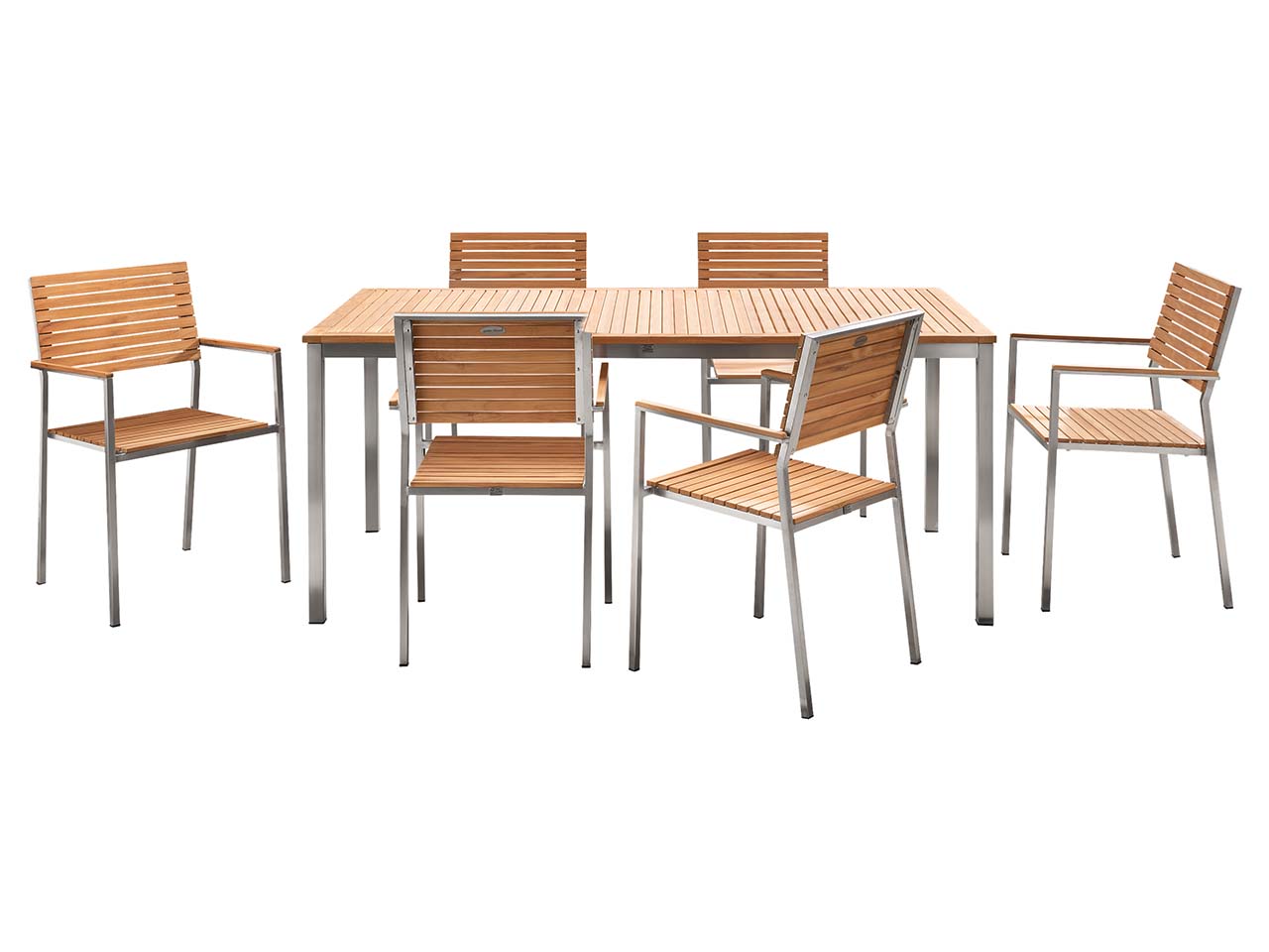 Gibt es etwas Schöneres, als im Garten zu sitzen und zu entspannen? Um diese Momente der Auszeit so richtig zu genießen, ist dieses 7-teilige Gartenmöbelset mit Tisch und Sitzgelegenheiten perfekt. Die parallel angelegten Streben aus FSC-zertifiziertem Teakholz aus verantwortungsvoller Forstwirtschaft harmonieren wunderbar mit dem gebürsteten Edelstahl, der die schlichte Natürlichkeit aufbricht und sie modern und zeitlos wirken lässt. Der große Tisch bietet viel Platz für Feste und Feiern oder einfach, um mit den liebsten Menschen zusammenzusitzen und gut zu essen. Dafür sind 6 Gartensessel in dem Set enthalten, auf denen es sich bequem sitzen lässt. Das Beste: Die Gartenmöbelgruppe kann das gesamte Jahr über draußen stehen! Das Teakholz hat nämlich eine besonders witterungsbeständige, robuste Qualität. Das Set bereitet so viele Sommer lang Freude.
---
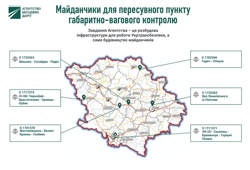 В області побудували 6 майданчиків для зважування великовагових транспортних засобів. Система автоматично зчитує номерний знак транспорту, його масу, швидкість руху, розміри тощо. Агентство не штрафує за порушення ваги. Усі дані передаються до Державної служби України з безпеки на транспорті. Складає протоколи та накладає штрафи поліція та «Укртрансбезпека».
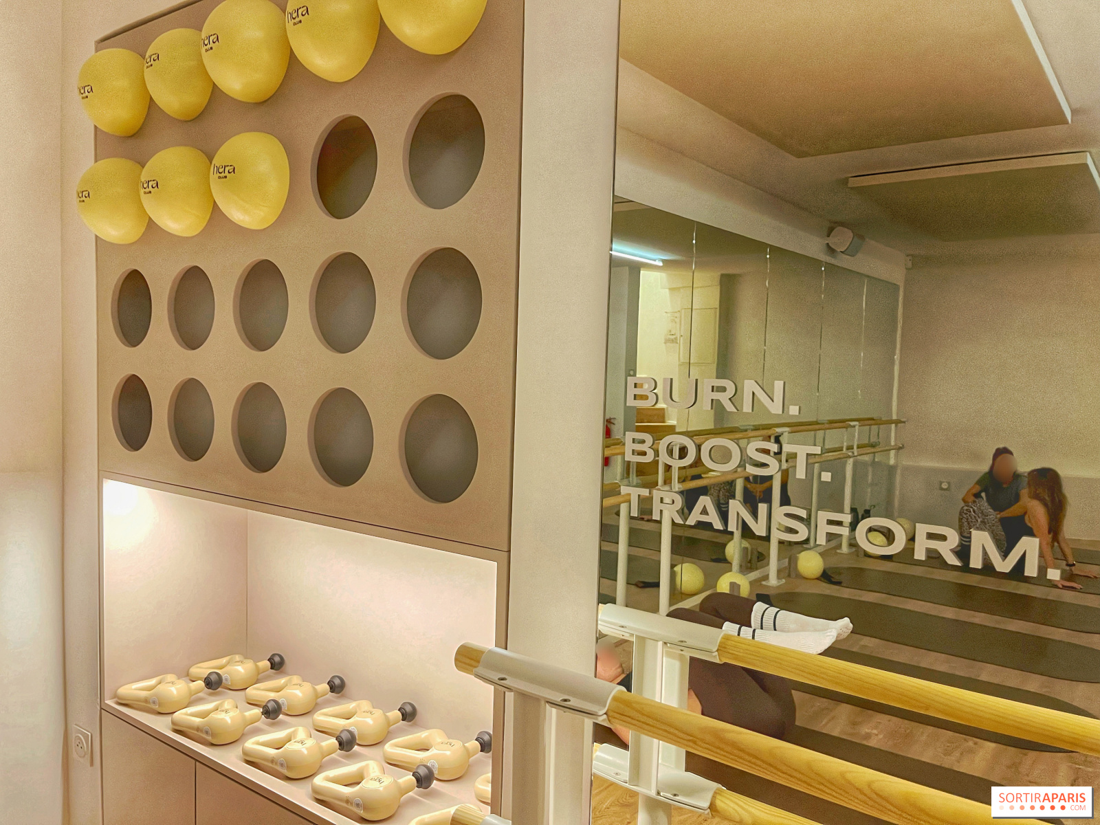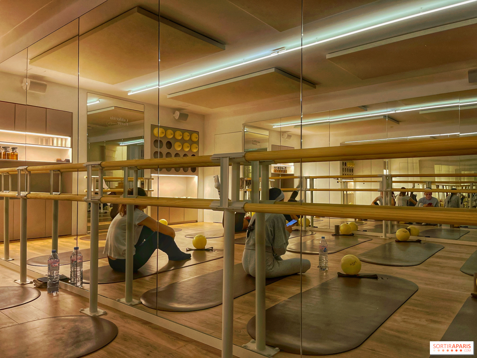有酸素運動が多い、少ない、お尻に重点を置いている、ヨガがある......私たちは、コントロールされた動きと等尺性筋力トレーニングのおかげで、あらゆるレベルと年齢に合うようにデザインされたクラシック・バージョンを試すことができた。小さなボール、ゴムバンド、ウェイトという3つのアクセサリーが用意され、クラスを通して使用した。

--- Exercise brief ---
Write out word for word the lines of the listing above from the line with "В області побудували" to the line with "有酸素運動が多い、少ない、お", taking in both of those lines but no pictures.

--- Solution to the problem ---
 В області побудували 6 майданчиків для зважування великовагових транспортних засобів. Система автоматично зчитує номерний знак транспорту, його масу, швидкість руху, розміри тощо. Агентство не штрафує за порушення ваги. Усі дані передаються до Державної служби України з безпеки на транспорті. Складає протоколи та накладає штрафи поліція та «Укртрансбезпека».
有酸素運動が多い、少ない、お尻に重点を置いている、ヨガがある......私たちは、コントロールされた動きと等尺性筋力トレーニングのおかげで、あらゆるレベルと年齢に合うようにデザインされたクラシック・バージョンを試すことができた。小さなボール、ゴムバンド、ウェイトという3つのアクセサリーが用意され、クラスを通して使用した。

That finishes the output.